> _Problem requirements_: From the line containing "Платье для девочки, цвет" down to the line containing "キュービックジルコニア 煌く光のライン C型ピアス チタン製ポスト", copy out the entries below exactly, both lines included, and nothing else; pictures do not belong in the copy.

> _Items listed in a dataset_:
• • • • • • •

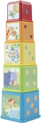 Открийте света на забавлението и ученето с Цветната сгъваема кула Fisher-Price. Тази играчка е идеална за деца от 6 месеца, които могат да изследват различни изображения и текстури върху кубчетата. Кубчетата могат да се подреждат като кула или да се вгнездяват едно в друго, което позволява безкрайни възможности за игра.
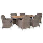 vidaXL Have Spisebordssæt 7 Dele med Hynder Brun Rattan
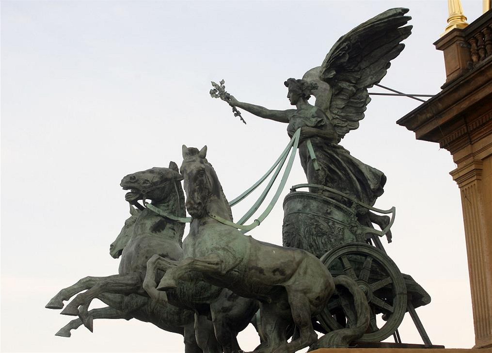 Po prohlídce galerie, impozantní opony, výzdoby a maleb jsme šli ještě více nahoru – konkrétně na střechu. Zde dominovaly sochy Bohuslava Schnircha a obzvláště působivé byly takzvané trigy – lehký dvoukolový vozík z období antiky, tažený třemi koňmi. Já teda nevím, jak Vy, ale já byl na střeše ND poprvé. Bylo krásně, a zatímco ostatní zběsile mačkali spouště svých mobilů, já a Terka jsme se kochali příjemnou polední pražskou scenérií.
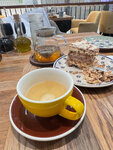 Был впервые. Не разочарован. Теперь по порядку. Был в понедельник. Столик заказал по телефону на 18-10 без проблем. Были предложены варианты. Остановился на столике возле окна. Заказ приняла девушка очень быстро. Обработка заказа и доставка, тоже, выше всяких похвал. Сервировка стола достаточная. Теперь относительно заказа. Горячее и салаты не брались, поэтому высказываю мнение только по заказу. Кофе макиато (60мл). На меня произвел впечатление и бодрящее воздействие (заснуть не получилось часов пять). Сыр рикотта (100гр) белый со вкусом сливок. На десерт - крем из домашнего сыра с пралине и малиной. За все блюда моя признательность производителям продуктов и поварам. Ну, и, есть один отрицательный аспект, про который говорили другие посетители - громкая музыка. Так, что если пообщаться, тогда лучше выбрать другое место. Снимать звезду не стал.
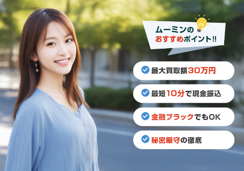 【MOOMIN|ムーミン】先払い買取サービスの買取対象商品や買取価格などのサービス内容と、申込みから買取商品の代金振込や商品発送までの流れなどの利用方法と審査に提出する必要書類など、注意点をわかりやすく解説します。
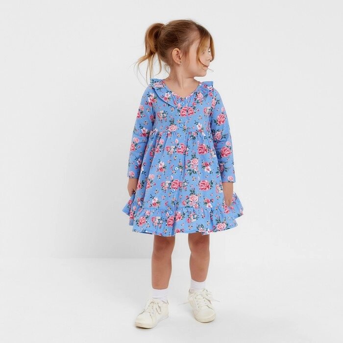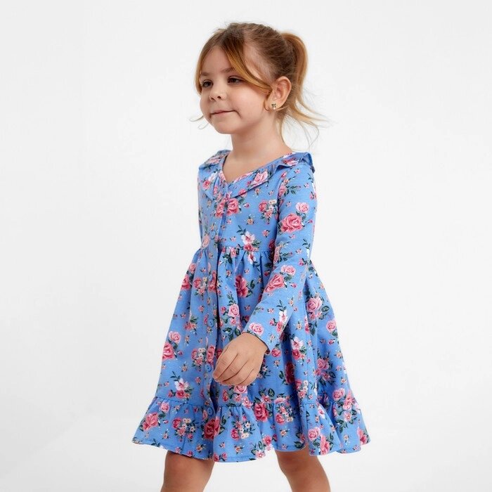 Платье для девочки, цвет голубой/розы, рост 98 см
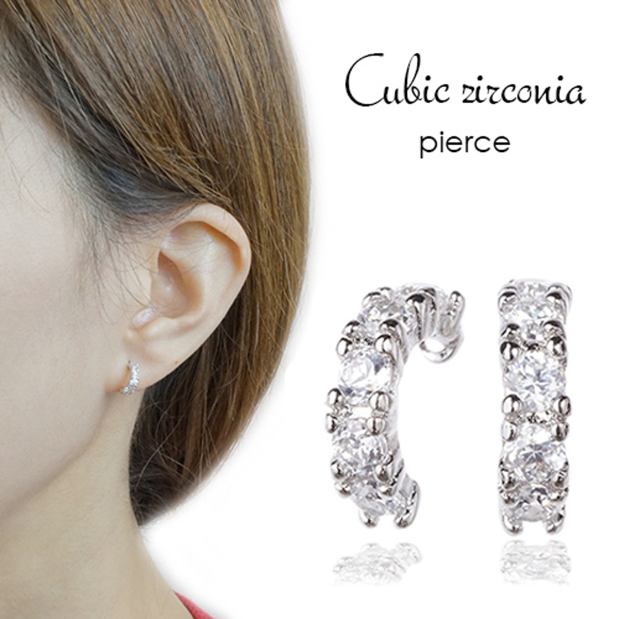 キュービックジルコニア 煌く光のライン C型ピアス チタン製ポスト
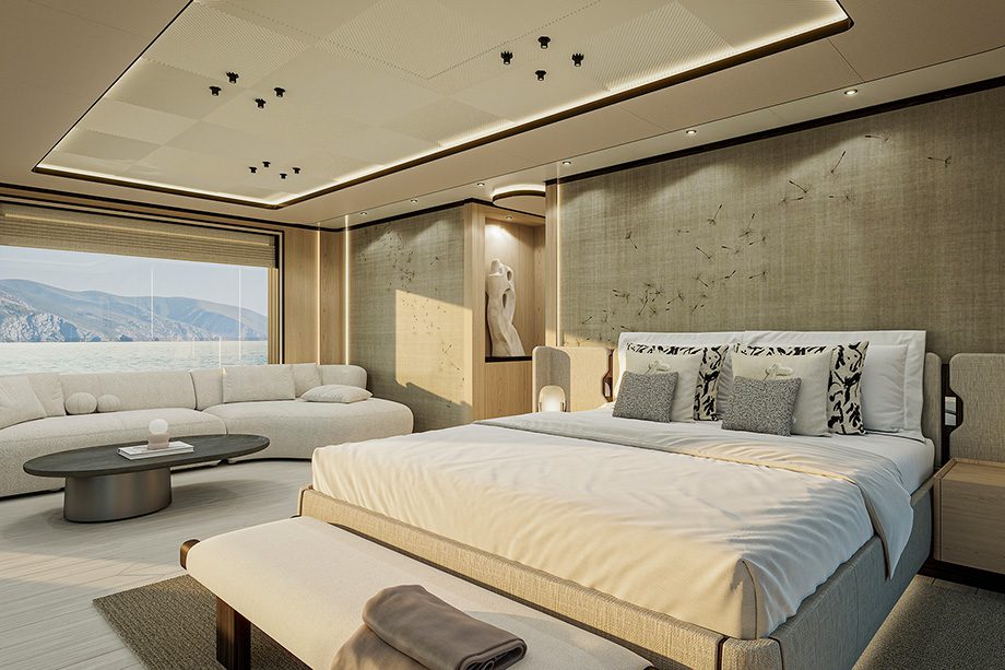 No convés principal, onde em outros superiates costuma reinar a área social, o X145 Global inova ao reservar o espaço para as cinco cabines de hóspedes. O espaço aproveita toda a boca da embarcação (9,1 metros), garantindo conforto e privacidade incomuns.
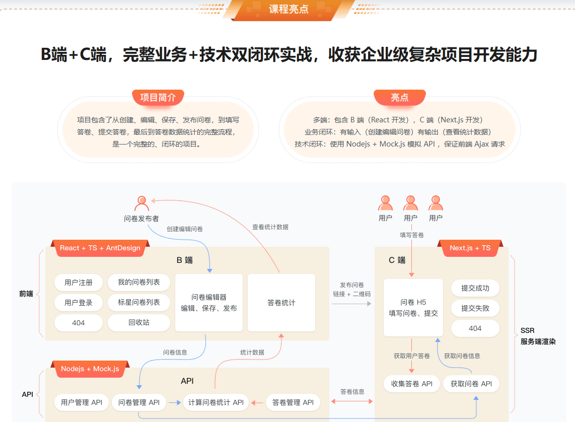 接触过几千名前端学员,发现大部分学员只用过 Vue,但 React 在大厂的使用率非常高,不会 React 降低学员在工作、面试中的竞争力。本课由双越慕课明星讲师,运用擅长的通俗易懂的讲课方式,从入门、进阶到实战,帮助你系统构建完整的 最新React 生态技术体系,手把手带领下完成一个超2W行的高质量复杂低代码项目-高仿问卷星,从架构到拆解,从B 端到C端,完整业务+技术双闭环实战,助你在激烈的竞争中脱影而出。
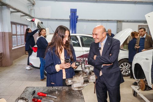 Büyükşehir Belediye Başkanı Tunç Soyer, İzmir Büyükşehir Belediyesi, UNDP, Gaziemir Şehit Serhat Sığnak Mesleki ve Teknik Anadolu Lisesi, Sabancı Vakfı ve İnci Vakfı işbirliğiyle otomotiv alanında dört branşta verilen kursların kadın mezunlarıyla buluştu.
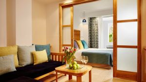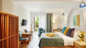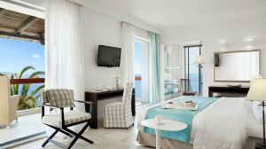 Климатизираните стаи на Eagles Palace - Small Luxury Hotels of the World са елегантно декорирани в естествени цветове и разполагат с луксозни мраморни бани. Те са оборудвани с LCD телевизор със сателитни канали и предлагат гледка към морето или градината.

• • • • • • •

> _Response area_:
 Платье для девочки, цвет голубой/розы, рост 98 см
 キュービックジルコニア 煌く光のライン C型ピアス チタン製ポスト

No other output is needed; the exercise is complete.